-- RECORDS FOR PROCESSING follows --

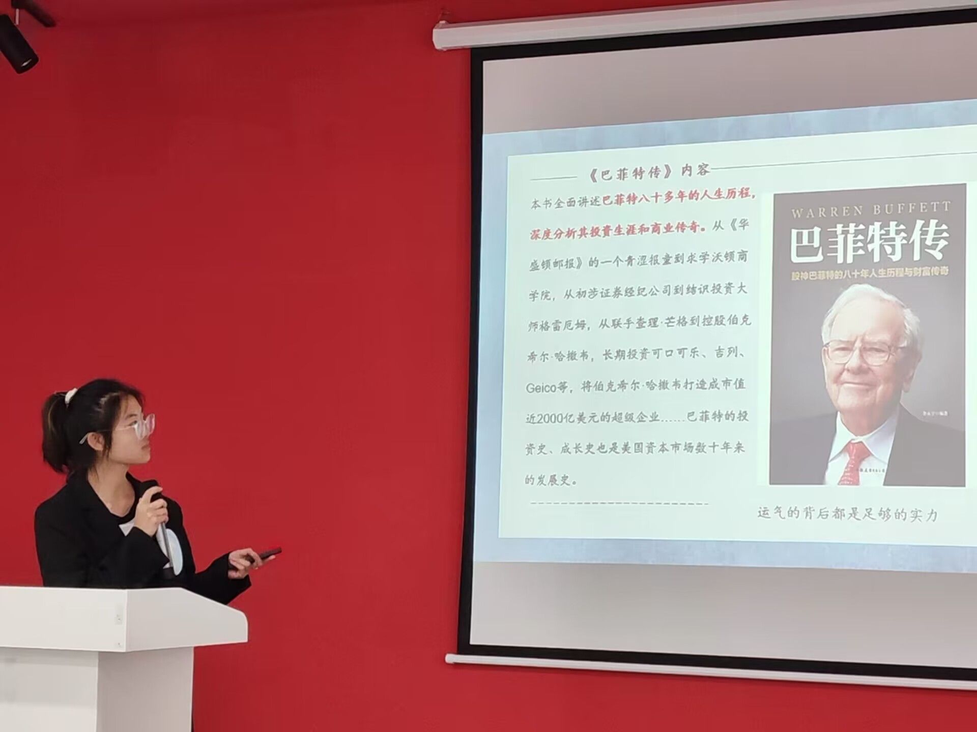 来自管理科学与工程类4班的龙雨同学对《巴菲特传》有着深刻的理解。她说“我想人物传记更大的意义是,我们可以从中看到,一个人为什么会成为我们今天所看到的样子。然后根据自己的需求,从中汲取我们所需,让自己更靠近我们所喜欢的样子。因此我们在生活与工作当中要学习这种独立思考模式,而非人云亦云,只有这样才能创新,才能创造出常人所不能及的业绩,当然切记不要走向极端,固执己见。”
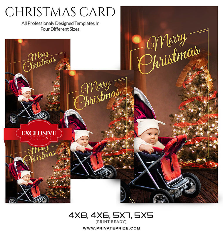 4(w)x8(h), 4(w)x6(h),5(w)x7(h), 5(w)x5(h) Christmas Card Photoshop Template - 4 PSD File
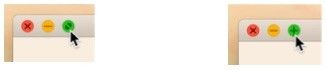 Строка меню открытых окон в OS X содержит три кнопки в верхнем левом углу: красная кнопка, желтая кнопка и зеленая кнопка. При нажатии на красную кнопку окно закрывается. нажатие на желтую кнопку заставляет окно свернуться (окно сжимается в док-станцию). Начиная с OS X Yosemite, нажатие зеленой кнопки вызывает полноэкранный режим.
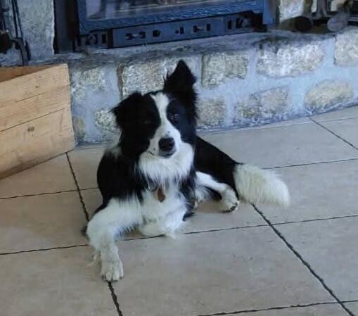 Chien perdu sur la commune et les alentours : border collie portant un collier orange, chien craintif.
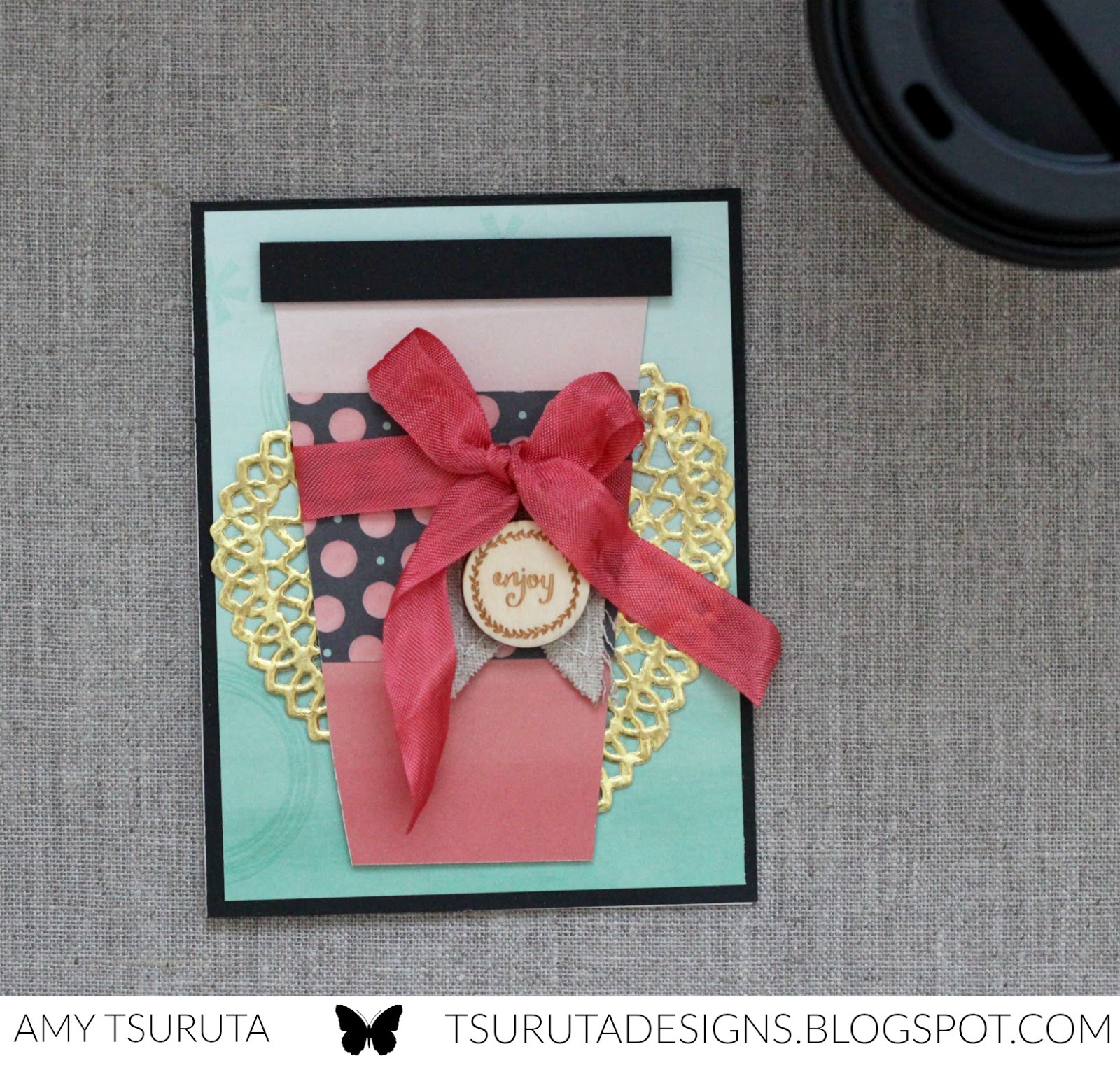 Great cards! I especially love the first one with that big coffee cup and the seam binding.
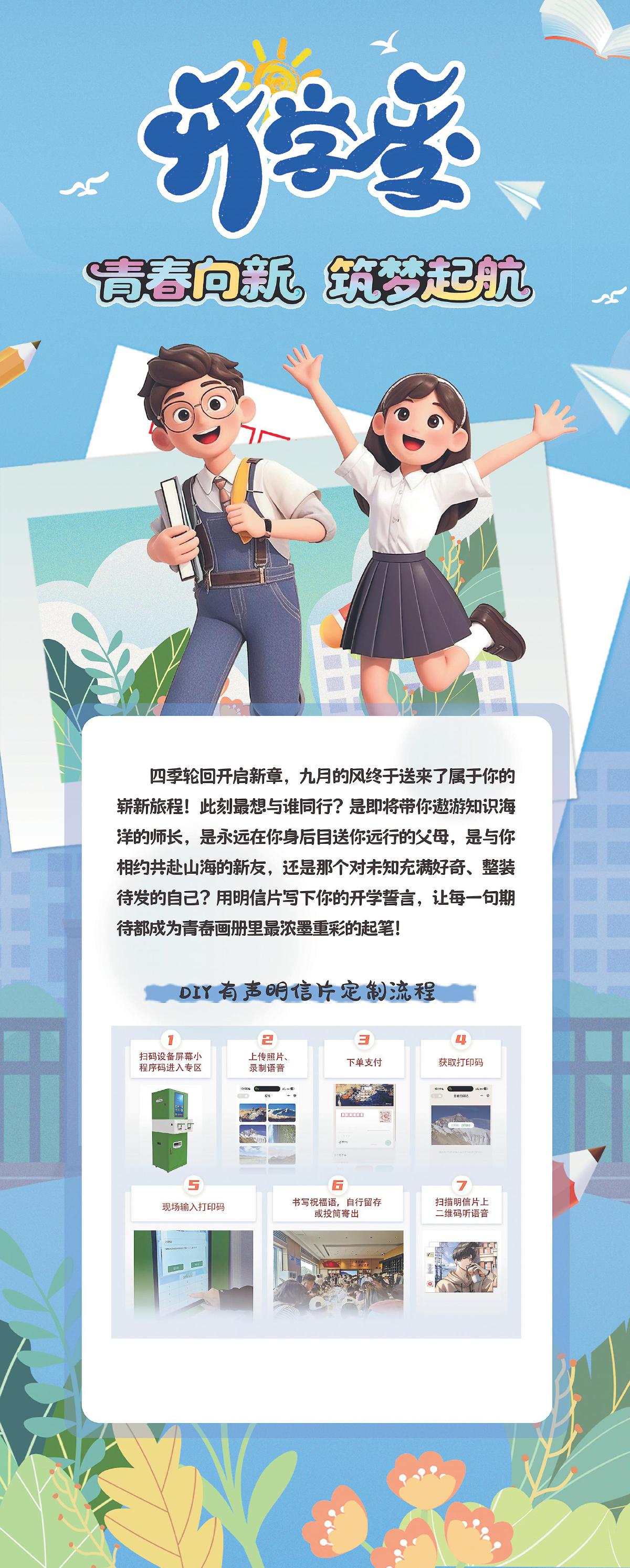 9月6日是鷹潭職業(yè)技術學院開學的日子。鷹潭市月湖區(qū)郵政分公司郵政業(yè)務部主任熊銀萍帶領同事,一早就守在校園郵政快遞驛站門口?!?元體驗DIY有聲明信片”的廣告展架剛擺出來,就吸引了學子們駐足——他們與家人溫馨合影,和朋友歡樂抓拍,捕捉校園里的第一抹秋色,開啟大學生活的第一張自拍……這些精彩瞬間都被有聲有色地記錄在小小的明信片上。當天,500余枚DIY明信片從這里發(fā)出。熊銀萍看著學子們的笑臉欣慰地說:“這些承載夢想與祝福的卡片,將陪伴他們一起走向更加美好的未來!”

-- RECORDS FOR PROCESSING concluded --

YOUR GOAL: All lines above from the one containing "Chien perdu sur" up to and including the one containing "Great cards! I" are to be set down exactly, and nothing else. Leave images out.

TASK SOLUTION:
 Chien perdu sur la commune et les alentours : border collie portant un collier orange, chien craintif.
 Great cards! I especially love the first one with that big coffee cup and the seam binding.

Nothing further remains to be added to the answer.